Asset Declaration and Scripting Basics in Biml: Part 1

Why Add Script to Biml

Most early Biml posts focus on how to mimic SSIS task configuration. The point of BimlScript is different: it iterates over a template and produces many objects from one snippet. As the underlying metadata changes, the packages can be regenerated. Biml is a Business Intelligence Markup Language, not just a package serializer, so it can also declare BI assets such as connections, databases, schemas, and tables. Once those assets are declared, they become master data that other Biml code can reference.

Three benefits follow:

  1. Multiple developers can split the work across files.
  2. The project can fully describe an environment, not just packages.
  3. Declared objects can be referenced as master data from generation code.

The Example

The example pulls three tables out of an operational database and lands them in a staging schema. Source and target column names match, but target tables sit in dbo and are prefixed with import_. The Item table has three columns in staging while the source has more. Auto mapping handles the column subset.

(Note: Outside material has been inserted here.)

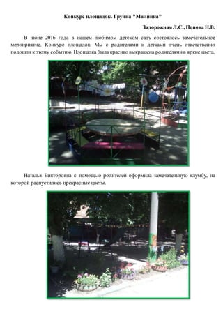 В июне 2016 года в детском саду состоялся конкурс площадок, в котором группа 'малинка' приняла активное участие. Родители и дети совместно подготовили площадку, украсив её яркими цветами и интересными атрибутами, включая оригинальную табличку с названием группы. В итогах конкурса группа получила награду и призы за свои усилия.

CREATE TABLE dbo.import_ItemCategory(
[ItemCategoryID] [int] NOT NULL,
[Name] nvarchar(50) NOT NULL
);

CREATE TABLE dbo.import_ItemSubcategory(
[ItemSubcategoryID] [int] NOT NULL,
[ItemCategoryID] [int] NOT NULL,
[Name] nvarchar(50) NOT NULL
);

CREATE TABLE dbo.import_Item(
[ItemID] [int] NOT NULL,
[Name] nvarchar(50) NOT NULL,
[ItemSubcategoryID] [int] NULL
);

The Per-Table Template

Each table needs a Truncate followed by a Dataflow that loads from source to target. Movements run in parallel, but the dataflow inside one movement waits on its own truncate via a precedence constraint. The naming convention is consistent so that the same template can serve every table by substituting the name.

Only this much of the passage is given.